Contributed by Pierre Grosdidier, Haynes and Boone, LLP
In just a few years, the Federal Computer Fraud and Abuse Act of 1984 (the “CFAA,” 18 U.S.C. § 1030) has evolved into a broad and powerful weapon in computer-related criminal and civil litigation. Originally enacted to target hackers, the statute now reaches almost any imaginable malfeasance that involves a computer. Two recurring categories of cases arise in an employment context. First, those where disgruntled employees delete files or “wipe” hard drives in spite before they take the door. Second, cases where employees leave with copies of their employers’ proprietary information, such as client databases or electronically-stored trade secrets, with the intent of starting or joining a competing business.
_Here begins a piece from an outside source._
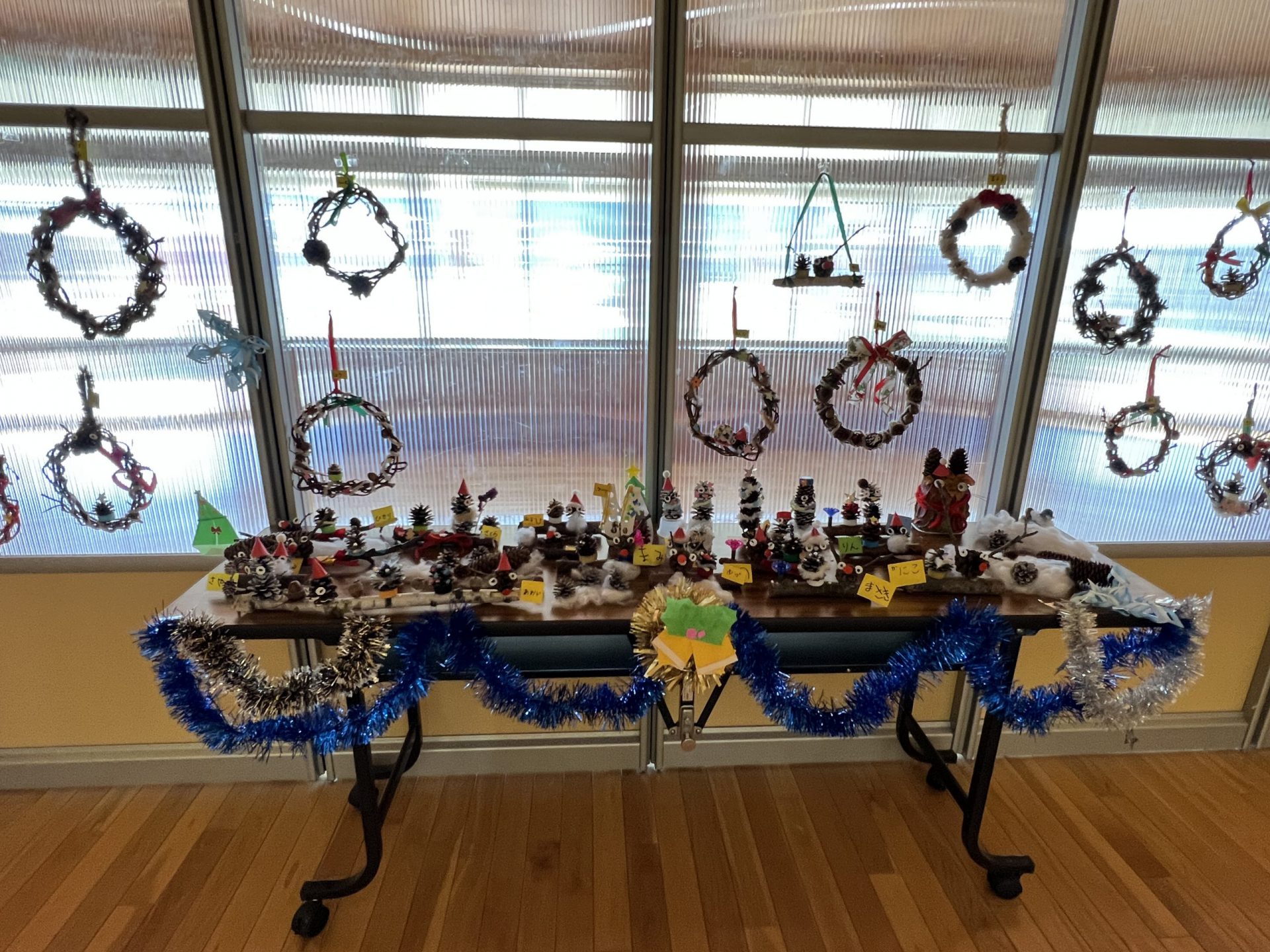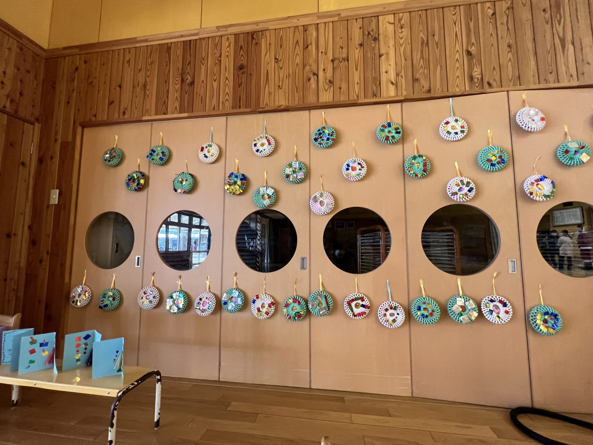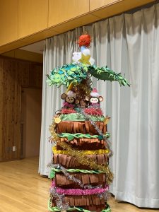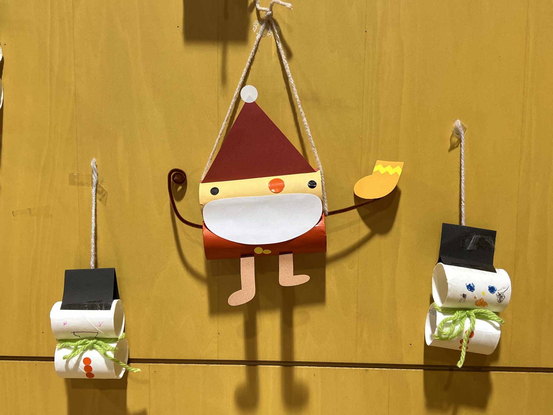 秋に子ども達と作った、さつまいものツルのリースが大変身!!自然物や廃材を使って、ステキなクリスマス☆の飾りになりました!!

In almost all employment cases, whether civil or criminal, a predicate question is whether the employee accessed his employer’s computers “without authorization,” or in a manner that “exceed[ed] authorized access.” The CFAA does not define “without authorization.” It defines the term “exceeds authorized access” as
to access a computer with authorization and to use such access to obtain or alter information in the computer that the accesser is not entitled so to obtain or alter.1
Courts have struggled with, and split over, what constitutes unauthorized computer access under the CFAA. Some courts have construed the term broadly and held that access becomes unauthorized the instant an employee acts for personal gain and against his employer’s interests. These courts have grounded their reasoning in agency law whereby the agency stops whenever the agent acts in breach of his duty of loyalty.2Other courts have construed the term “unauthorized access” narrowly. These courts have held that an employee does not breach the CFAA if his employer authorized his access, regardless of how the employee uses the accessed information. Employees who download databases for their personal benefit using an authorized password may be guilty of trade secret theft but have not offended the CFAA.
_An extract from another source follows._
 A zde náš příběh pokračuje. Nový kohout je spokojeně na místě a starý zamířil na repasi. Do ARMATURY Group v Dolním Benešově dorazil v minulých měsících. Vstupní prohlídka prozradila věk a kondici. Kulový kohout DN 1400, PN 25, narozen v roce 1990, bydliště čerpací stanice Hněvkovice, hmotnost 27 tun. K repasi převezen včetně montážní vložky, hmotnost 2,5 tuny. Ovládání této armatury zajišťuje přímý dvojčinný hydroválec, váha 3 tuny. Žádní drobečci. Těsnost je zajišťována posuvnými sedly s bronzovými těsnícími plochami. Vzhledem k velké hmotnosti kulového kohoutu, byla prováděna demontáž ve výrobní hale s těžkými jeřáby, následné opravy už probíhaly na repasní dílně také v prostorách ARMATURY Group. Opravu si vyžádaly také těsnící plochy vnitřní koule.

The issue is not merely academic. A broad construction of “unauthorized access” threatens to flood federal courts with actions—especially those rooted in employment disputes—that were traditionally filed in state courts. These actions typically revolve around a CFAA claim with pendant state claims of trade secret theft, unfair competition, unjust enrichment, trespass to chattel, or breach of employment contract, just to name a few.
The Ninth Circuit published two opinions that arguably provide the most sensible construction of the CFAA’s authorization language to-date, were it not for the statute’s § 1030(a)(2)(C).3 These two cases provide a good synopsis of the issues related to what constitutes “unauthorized access” under the CFAA.
In Brekka, LVRC hired Brekka without a written contract and granted him unrestricted access to its computers. Brekka sent business documents to personal email accounts during negotiations to acquire an ownership interest in LVRC. The employer discovered the communications after negotiations broke down and Brekka left his employment. It sued Brekka under the CFAA. The district court granted Brekka’s motion for summary judgment, and the Ninth Circuit affirmed. The court held that the employer decides whether an employee is authorized to access a computer. Because LVRC gave Brekka unfettered authority to access its computers, Brekka’s access was authorized even if he acted with fraudulent intent. Brekka stands for the proposition that in the absence of a use agreement, an employee who accesses his employer’s computers with an authorized password but with fraudulent intent does not violate the CFAA. Of course, the employee’s conduct may give rise to the traditional state law claims listed above. The employee breaches the CFAA when he hacks into his employer’s computers, or continues to access them after the employer terminates his authorization. The Brekka court explicitly rejected the 7th Circuit’s Citrin agency approach as inconsistent with its conclusion that the employer authorizes access to its computers, not the employee.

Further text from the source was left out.